Разговаривая, Амелия медленно облетела вокруг Анники, словно стараясь защитить ее своим всесторонним присутствием.
– А какая у нас цель? – все так же недовольно пробубнила девушка. – Мне трудно понимать твои слова. Ты как будто на другом языке говоришь.

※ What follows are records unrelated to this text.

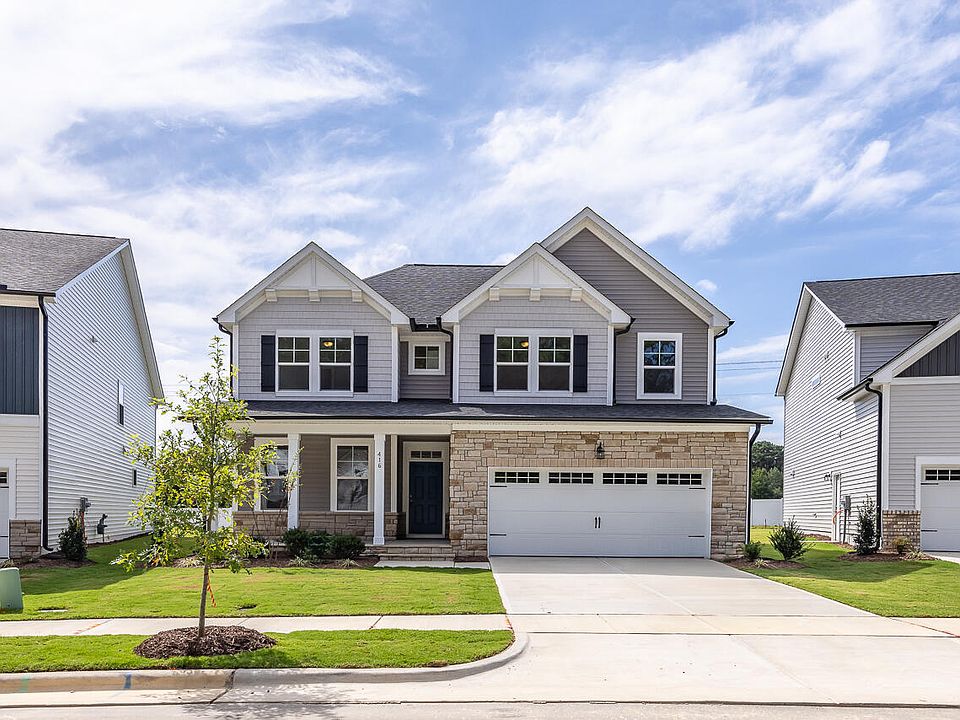 Our popular Willow plan offers 5 bedrooms including a first floor guest suite. Perfect for your family and guests. Owner's bath includes a spa like shower. Formal dining, and gourmet kitchen open to spacious family room. Rear deck is covered perfect for entertaining. Great location! GPS: 1427 Old Bunn Rd.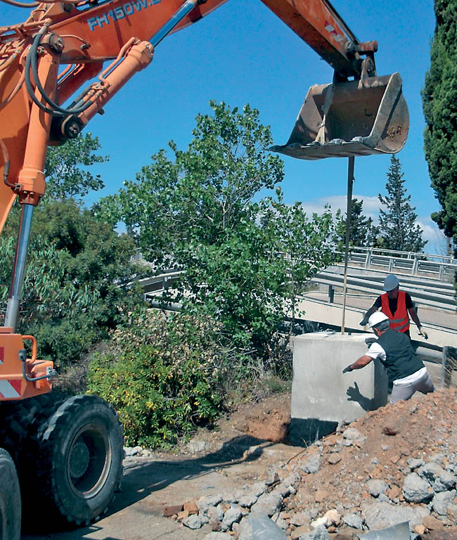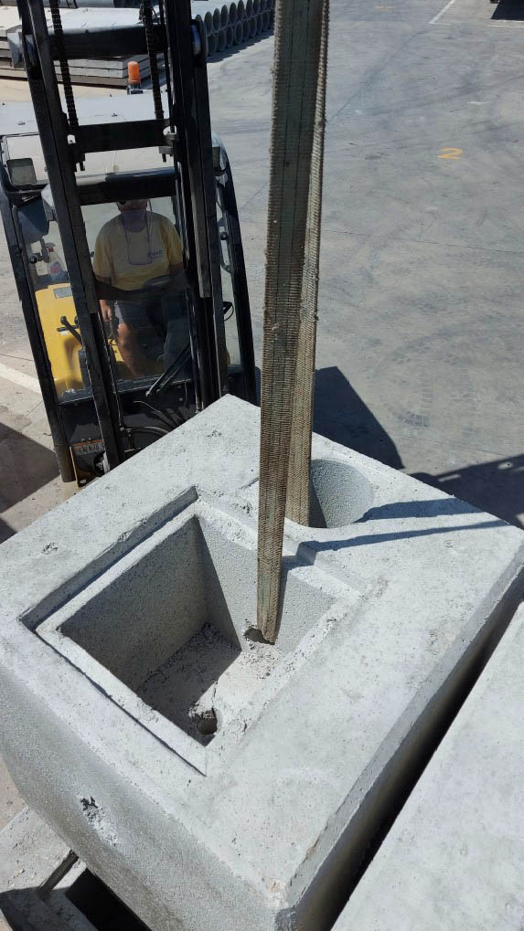 Per il sollevamento e la movimentazione in sito dei plinti portapalo si utilizza un imbrago tramite il foro presente nella parete di separazione tra pozzetto e l’alloggiamento del palo di illuminazione (vedi figura a lato).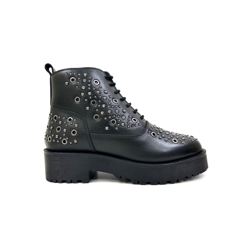 Capture a rock 'n' roll attitude sliding in this zip-up chunky bootiesfeaturing a decorative lace-up design, practical side zippers, non-skidplatform lug soles, and studded metal pebbles.Side zippersBack pull tabsLace-up designCushioned footbedStudy rubber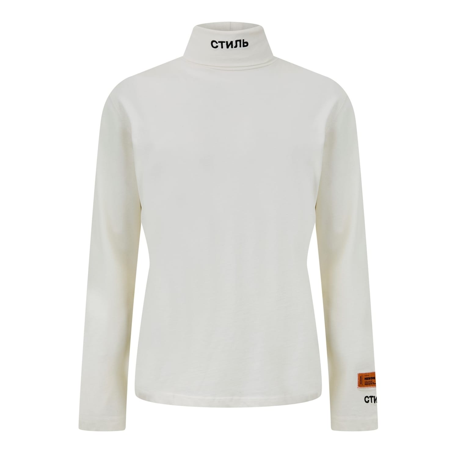 This Heron Preston top features a turtleneck design with a high collar, offering a regular fit. Crafted from knit material, it boasts long sleeves and a solid pattern. The top is adorned with a logo patch and embroidered embellishments, adding a distinctive touch to its design. -
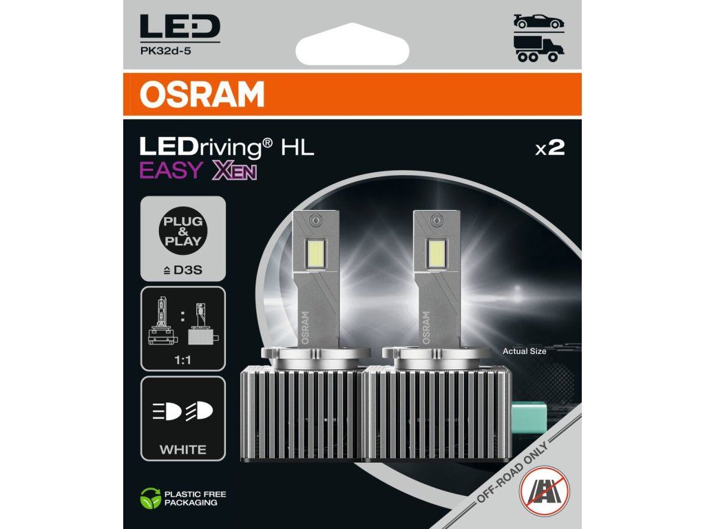 Až o 180% vyšší jas (1) zajišťuje OSRAM LEDriving HL EASY XEN jako kompaktní LED náhrada za běžné výbojky do dálkových a potkávacích světel.

– Так и есть, – согласилась Амелия, заглядывая Аннике в лицо. – Мы с тобой говорим на языках двух разных качеств сознания. Именно по той причине, что люди на земле обладают очень разными уровнями сознания, им так трудно понимать друг друга. Хотя они могут говорить на одном языке!
– То есть существует язык… как бы это сказать… человеческий? Ну, там, английский или русский. И язык сознания? – выдохнула Анника, с усилием выдернув ногу из горячего алчного песка. – Блин, он как будто живой, этот песок. Сожрать меня хочет…
– Конечно! Так и есть! Вот видишь, ты все прекрасно понимаешь! – улыбнувшись, осыпал ангел свою подопечную сияющими белыми искрами. – Постарайся слушать меня не ушами, как ты привыкла на земле, а сердцем. И будешь понимать все лучше и лучше! А песок и вправду живой, как и все вокруг.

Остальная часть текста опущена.